===== Input
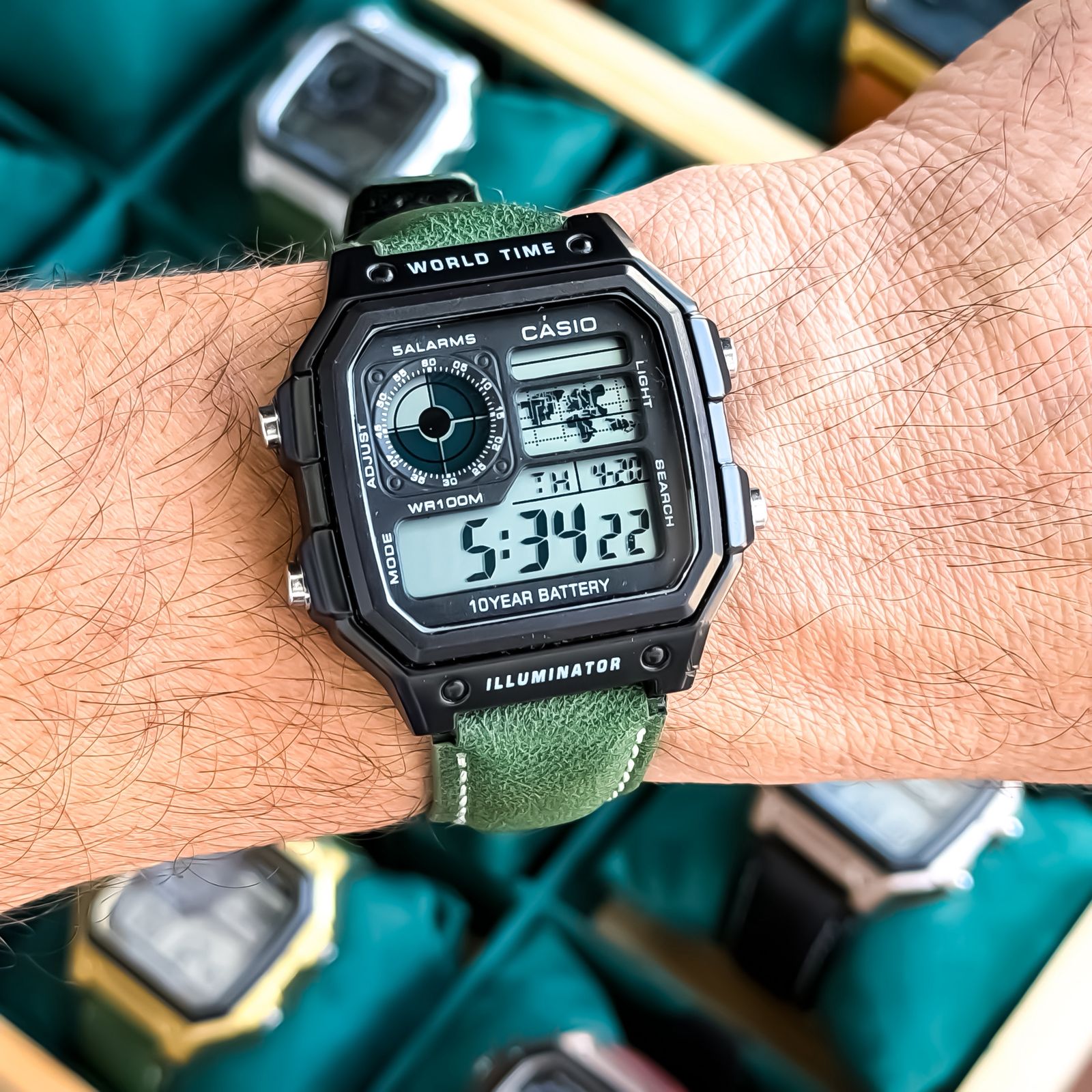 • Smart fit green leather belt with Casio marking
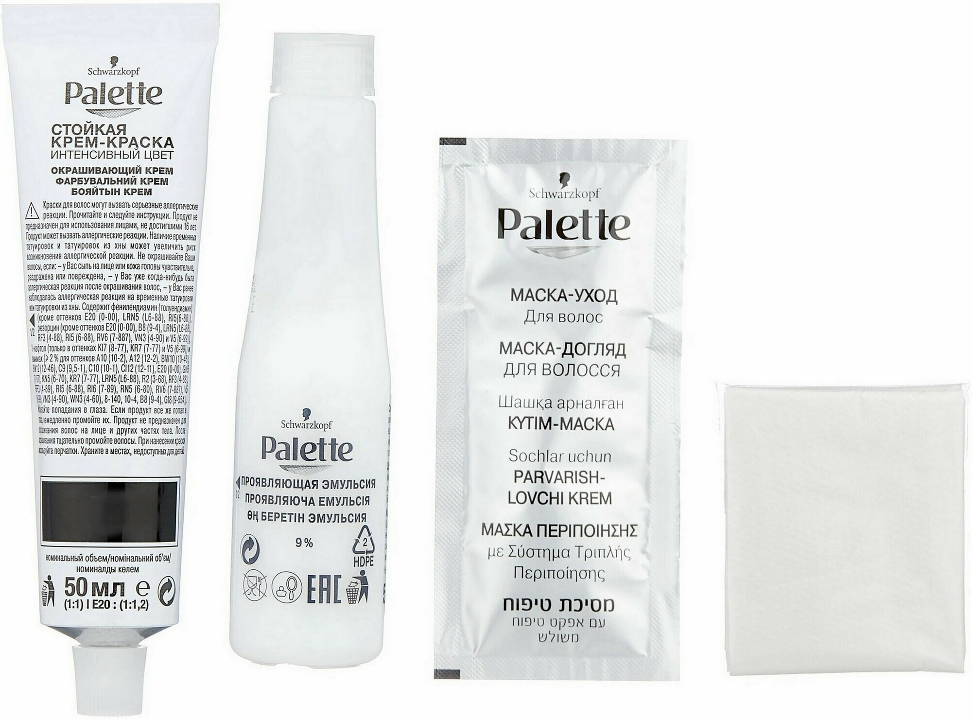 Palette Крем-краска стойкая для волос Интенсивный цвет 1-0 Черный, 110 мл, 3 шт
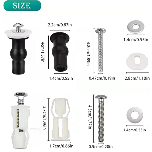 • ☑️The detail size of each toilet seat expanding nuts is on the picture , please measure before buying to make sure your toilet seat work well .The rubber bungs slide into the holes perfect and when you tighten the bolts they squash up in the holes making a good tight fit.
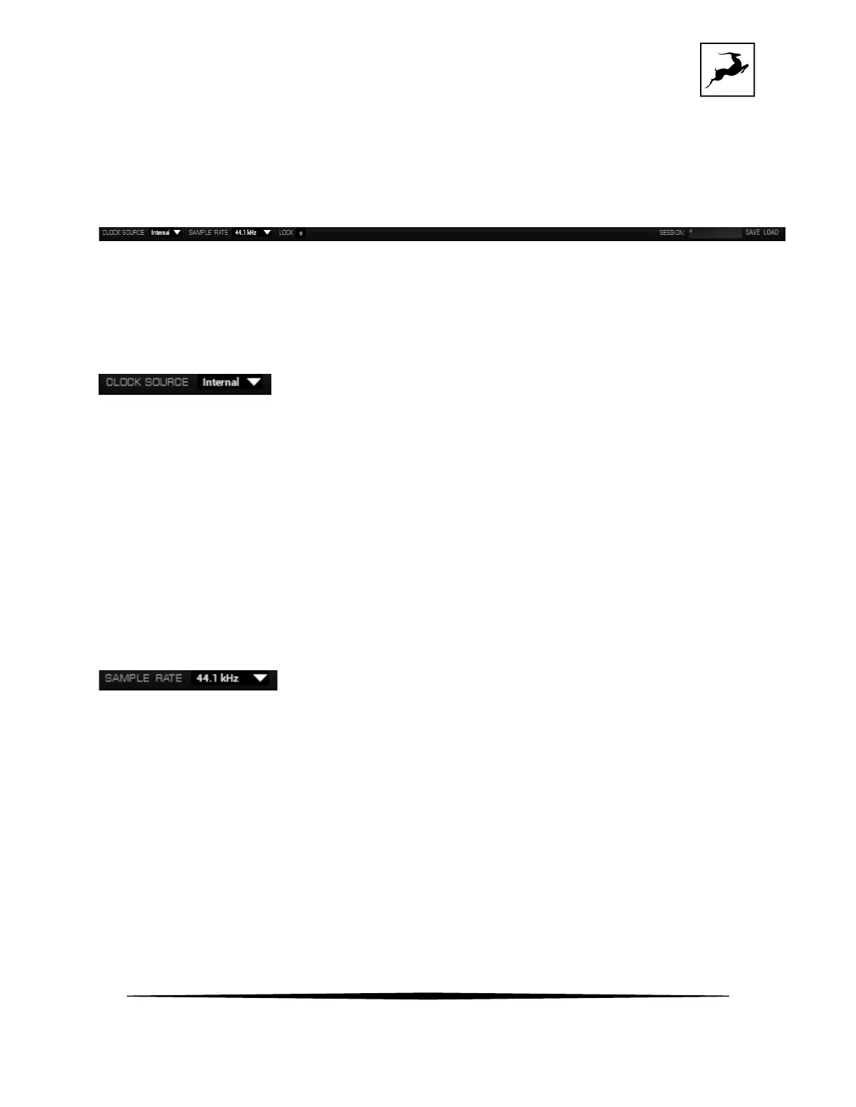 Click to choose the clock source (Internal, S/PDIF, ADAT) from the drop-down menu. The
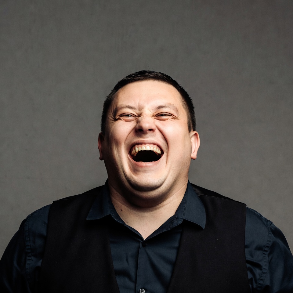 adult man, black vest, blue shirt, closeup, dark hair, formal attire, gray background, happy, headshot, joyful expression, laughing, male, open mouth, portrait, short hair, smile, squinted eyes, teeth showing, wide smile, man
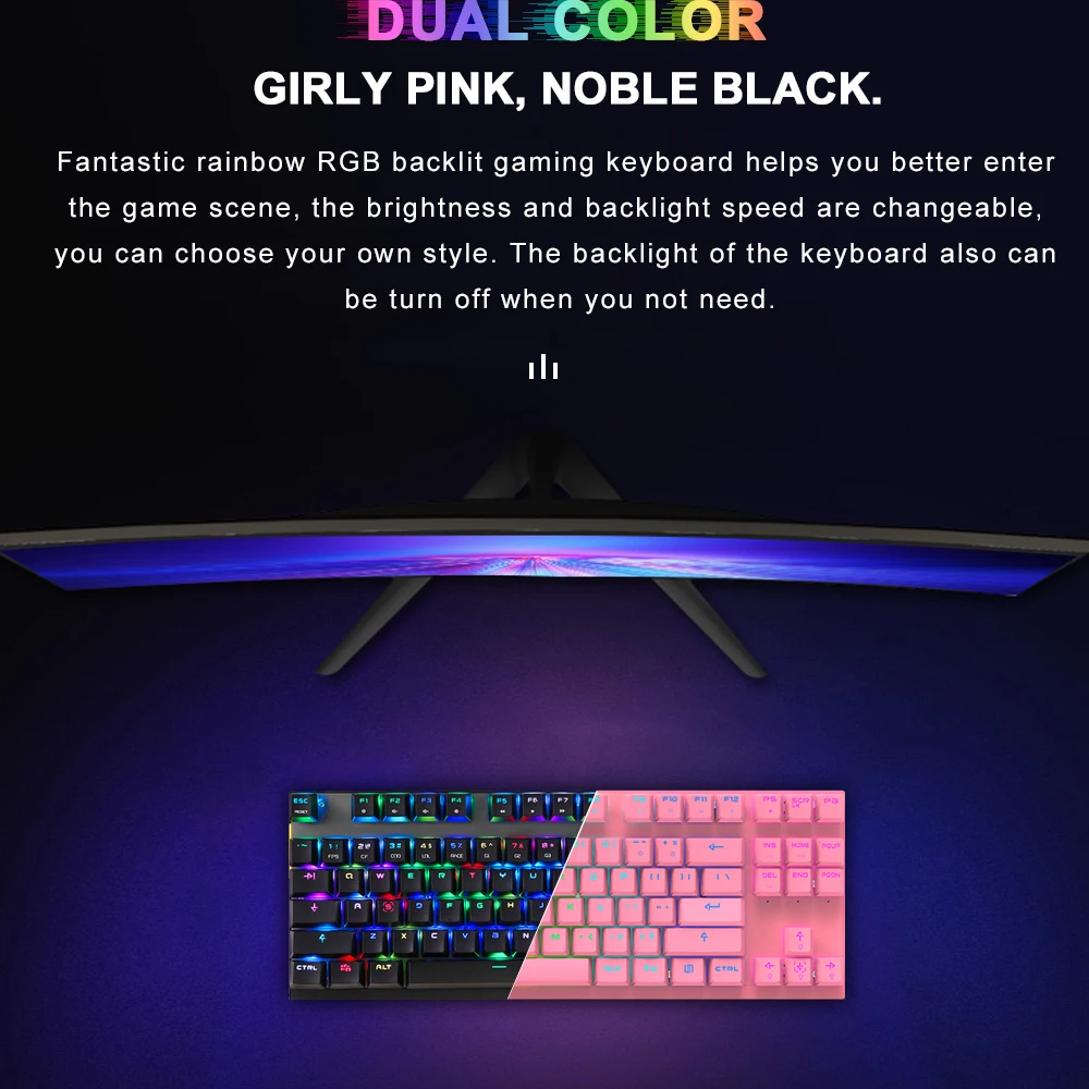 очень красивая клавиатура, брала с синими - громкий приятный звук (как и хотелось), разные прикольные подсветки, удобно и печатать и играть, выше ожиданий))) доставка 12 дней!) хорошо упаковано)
==========
→ Problem statement:
For each entry, copy the text exactly and leave out any image it carries.

→ Written solution:
 • Smart fit green leather belt with Casio marking
 Palette Крем-краска стойкая для волос Интенсивный цвет 1-0 Черный, 110 мл, 3 шт
 • ☑️The detail size of each toilet seat expanding nuts is on the picture , please measure before buying to make sure your toilet seat work well .The rubber bungs slide into the holes perfect and when you tighten the bolts they squash up in the holes making a good tight fit.
 Click to choose the clock source (Internal, S/PDIF, ADAT) from the drop-down menu. The
 adult man, black vest, blue shirt, closeup, dark hair, formal attire, gray background, happy, headshot, joyful expression, laughing, male, open mouth, portrait, short hair, smile, squinted eyes, teeth showing, wide smile, man
 очень красивая клавиатура, брала с синими - громкий приятный звук (как и хотелось), разные прикольные подсветки, удобно и печатать и играть, выше ожиданий))) доставка 12 дней!) хорошо упаковано)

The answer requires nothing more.